Ah, after checking the logs a bit more, I see a bunch of these, a few seconds before the hang. Maybe it is what caused the gpu reset? kernel: amdgpu 0000:06:00.0: amdgpu: [gfxhub0] no-retry page fault (src_id:0 ring:24 vmid:5 pasid:32772, for process firefox pid 3410 thread firefox:cs0 pid 3489) kernel: amdgpu 0000:06:00.0: amdgpu: in page starting at address 0x00003ffb78559000 from IH client 0x1b (UTCL2) kernel: amdgpu 0000:06:00.0: amdgpu: VM_L2_PROTECTION_FAULT_STATUS:0x00500431 kernel: amdgpu 0000:06:00.0: amdgpu: Faulty UTCL2 client ID: IA (0x2) kernel: amdgpu 0000:06:00.0: amdgpu: MORE_FAULTS: 0x1 kernel: amdgpu 0000:06:00.0: amdgpu: WALKER_ERROR: 0x0 kernel: amdgpu 0000:06:00.0: amdgpu: PERMISSION_FAULTS: 0x3 kernel: amdgpu 0000:06:00.0: amdgpu: MAPPING_ERROR: 0x0 kernel: amdgpu 0000:06:00.0: amdgpu: RW: 0x0 This comes from the firefox process, but I've seen it crash even when firefox wasn't involved.
Created attachment 869880 [details] kernel log
For completeness, you might see a few of kernel: WARNING: CPU: 11 PID: 3081 at drivers/acpi/platform_profile.c:74 platform_profile_show+0xa6/0xd0 [platform_profile] during boot in the log in Comment 2. Those have been there since installing TW and are most likely unrelated to this issue (should be another kernel or a fw bug report).
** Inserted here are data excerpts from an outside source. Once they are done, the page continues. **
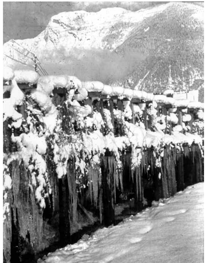
Das vereiste Gerinne des Mühlbaches im Bereich der heutigen Metzgerei Wopfner
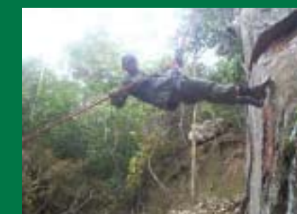
47º BI Realiza Estágio Básico de Combatente de Força de Ação Rápida (EBCFAR/2010)
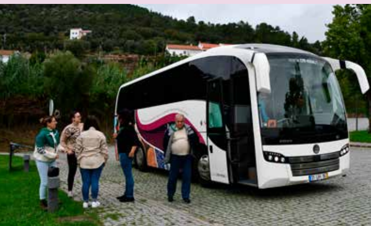
Transporte de idosos para a estação de comboios
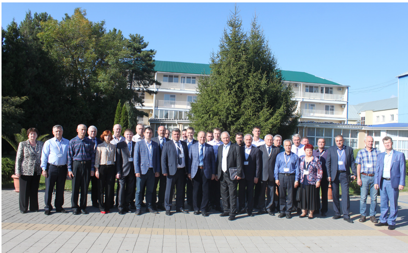
Семинар технических инспекторов труда Профсоюза

«Технические инспекторы труда Профсоюза играют большую роль в деле обеспечения контроля требований охраны труда и промышленной безопасности. Впервые в рамках нашего семинара прошла аттестация по вновь утвержденному порядку привлечения общественных инспекторов в области промышленной безопасности. Это очень знаковое событие для Профсоюза, благодаря которому мы получили допуск на опасные производственные объекты», - отметил Председатель Нефтегазстройпрофсоюза России Александр Корчагин.
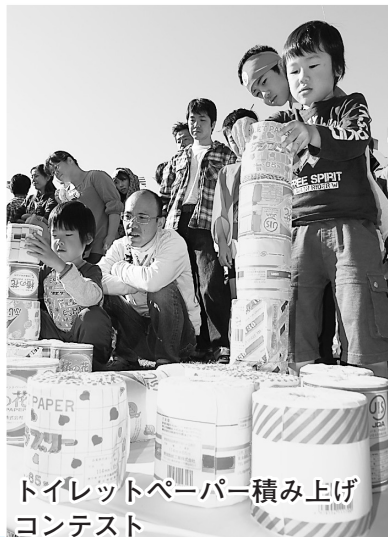
トイレットペーパー積み上げコンテスト

※商工フェアの内容は、一部変更する場合があります。詳しくは、前日11月4日(金)の新聞折り込みチラシをごらんください。
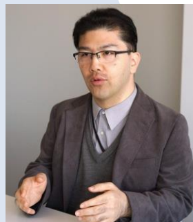
明治大学副教授、日本建筑学者、 现代日本文化研究者
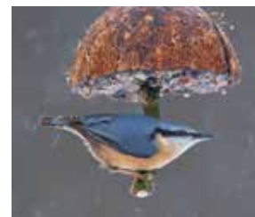
Kleiber ( Sitta europaea )
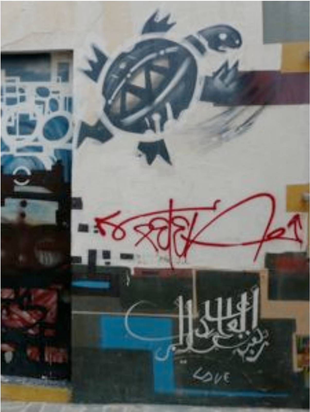
Comme cette tortue stylisée, décorée de lignes et de courbes.
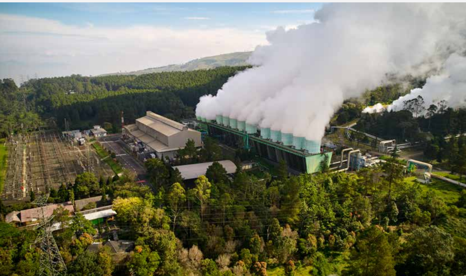
PLTP Kamojang Garut 377 MW
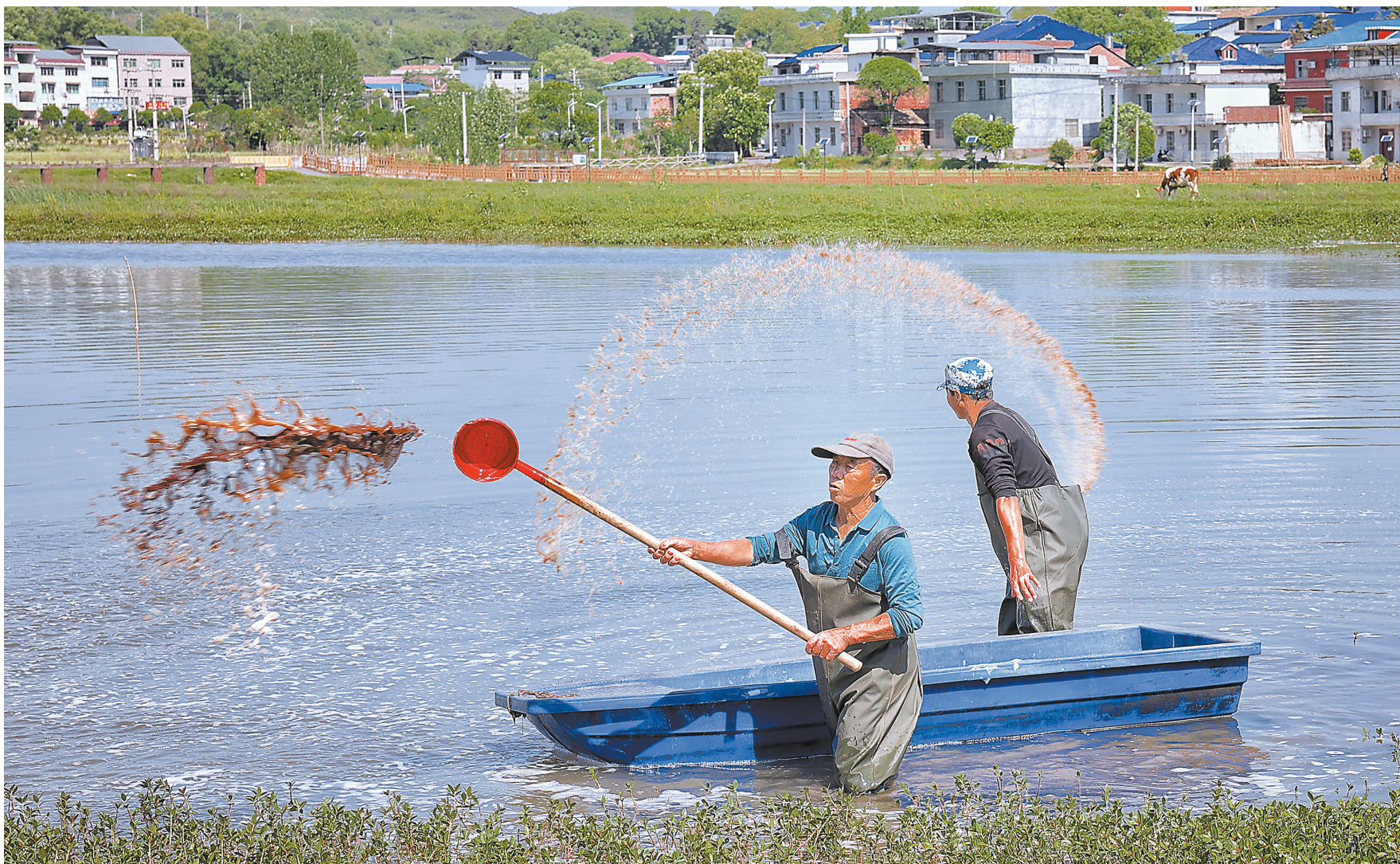
近日，萍乡市湘东区腊市镇腊市村虾农忙于洒泼茶枯水，确保虾塘水质、生态平衡和龙虾健康生长。
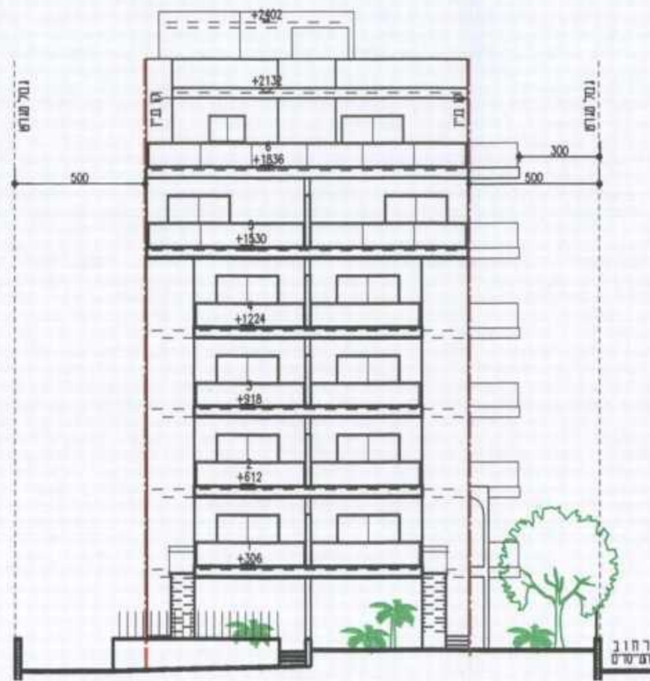
חזית מערבית: רחוב ויצמן
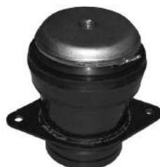
Código: 90022 Modelo: POLO - CADDY - Nafta / Diesel Nº Original: 1H0199262B Soporte de motor lado distribución
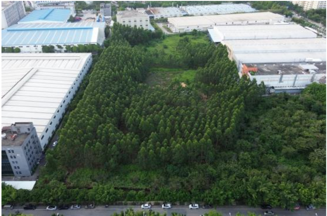
图 8 地块全景航拍图（东南-西北）
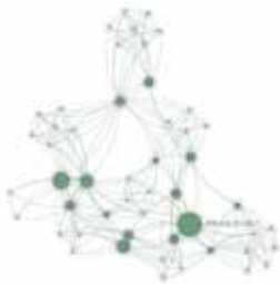
图3 发展型资助关键词共现网络分析图谱
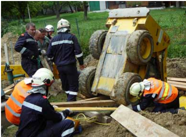
17. Juni – Menschenrettung aus einem Bagger in Münichthal: der Fahrer wurde eingeklemmt als der Bagger in die Baugrube stürzte, mittels Seilwinde und Hebekissen retteten wir ihn gemeinsam mit unseren Kameraden der FF Münichthal.
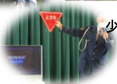
少・交通安全教室
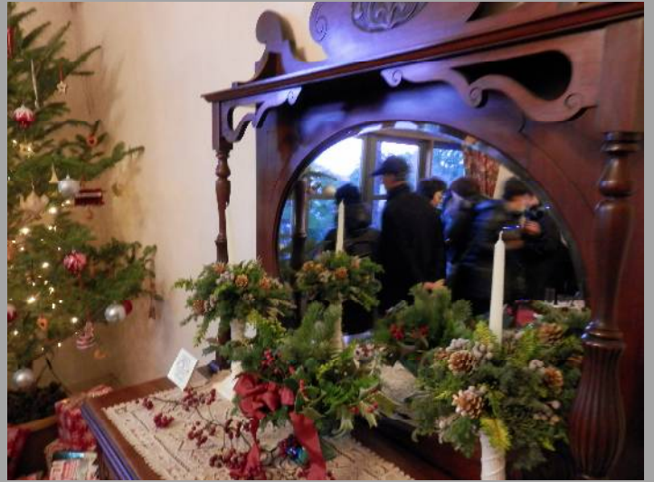
この鏡がいい雰囲気を出しています。
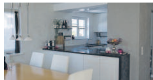
Atelier B&B AG – Seite 11
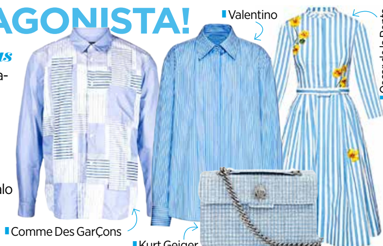
Comme Des Garçons

Lo mismo para damas que para caballeros, el estampado a rayas con fondo azul cielo es el favorito para llevar en los días de verano. Puedes usarlo en camisas y bermudas hasta en vestidos camiseros y faldas, dale el sí a este print y combínalo con un par de sandalias que estén en tendencia.
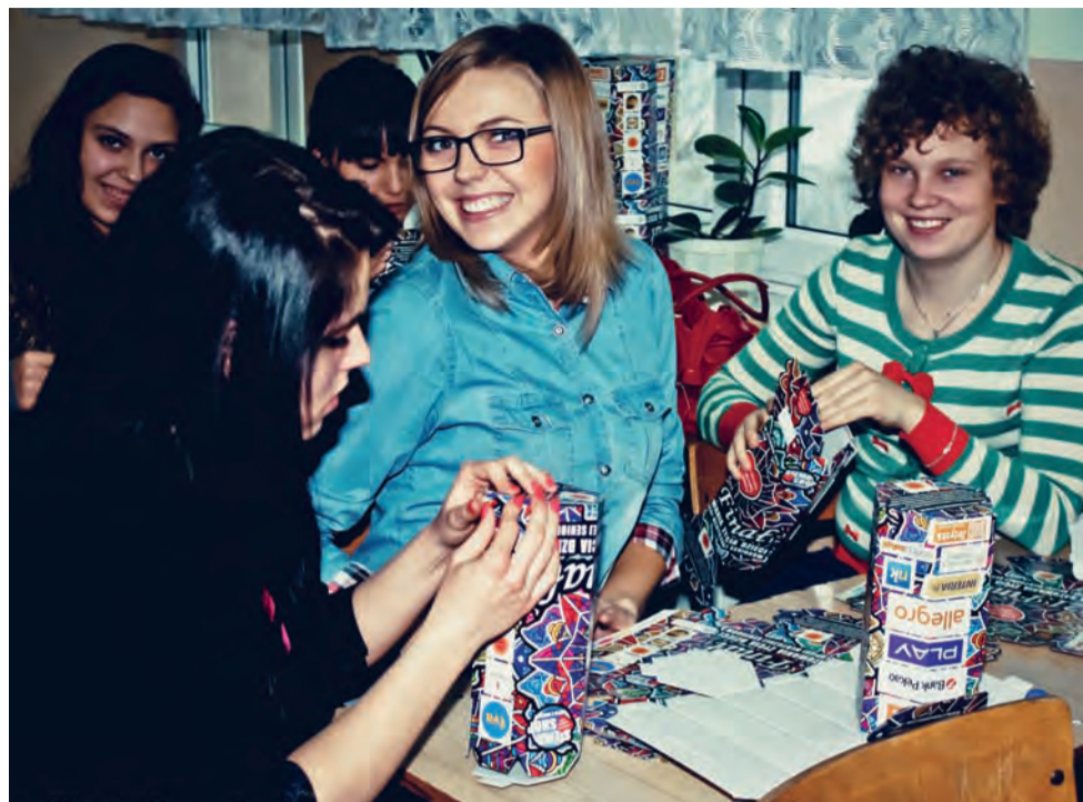
Wolontariusze z ZS nr 1 im. Adama Mickiewicza w Żychlinie w trakcie składania orkiestrowych puszek.

Powiat łowicki | Łowicka Grupa Rybacka oceniła wnioski o dofinansowanie przedsięwzięć
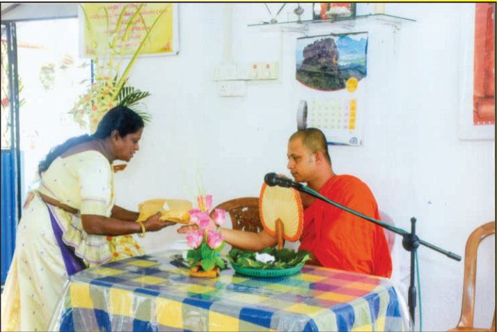
සභාපතිණිය විසින් පිරිකර පූජා කිරීම

බවට පත්වූයේ 1997 වසරේදීය. ආරම්භයේදී මෙහි සාමාජික සංඛ්‍යාව දස දෙනෙකුටත් අඩු අගයක පැවතිණි. එලෙස ඇරඹු ගමන් මගේදී ප්‍රදේශවාසීන්ගේ විශ්වාසය ක්‍රමයෙන් දිනා ගනිමින් අද වන විට ක්‍රියාකාරී සාමාජික සංඛ්‍යාව සියයකට ආසන්න සංඛ්‍යාවක් දක්වා වර්ධනය කරලීමට ලැබීම සතුවට කරුණකි. සී.ස. බටුවන්දර එකමුතු සභාස කාර්යාලය පිහිටුවීම සදහා සංගමයෙන් පුරුණ මැදිහත්වීමක් සහිතව ඉඩමක් මිලදී ගැනීම, අංග සම්පූර්ණ සභාස කාර්යාලය හා රැස්වීම් ශාලාව ඉදිකිරීම ආදිය සිදුවූ වැදගත් කාර්යයන්ය. මෙලෙස වසර 22ක් පුරාවට අප සමිතිය බටුවන්දර ග්‍රාමය තුල කැපී පෙනෙන, ඵලදායී සමිතියක් බවට පත්වී තිබේ.

But it seemed harmless and I forgot to investigate/report.
Just as a wild guess: Could you boot with amdgpu.mcbp=0?
No reply from the reporter so far. If amdgpu.mcbp=0 solves the issue, then kernel 6.5.6 has the fix: commit 2c4cc4d787a5f332f2c61f12cdb31e01da386439 Author: Jiadong Zhu <Jiadong.Zhu@amd.com> Date: Wed Jul 26 15:21:48 2023 +0800 drm/amdgpu: set completion status as preempted for the resubmission
(In reply to Frank Krüger from comment #5) > No reply from the reporter so far. If amdgpu.mcbp=0 solves the issue, then > kernel 6.5.6 has the fix: > > commit 2c4cc4d787a5f332f2c61f12cdb31e01da386439 > Author: Jiadong Zhu <Jiadong.Zhu@amd.com> > Date: Wed Jul 26 15:21:48 2023 +0800 > > drm/amdgpu: set completion status as preempted for the resubmission Apologies. This is a workstation and I haven't been able to try it yet. Will try to do after hours today.
Just tried 6.5.6-1-default and it fixed the issue. thanks. closing.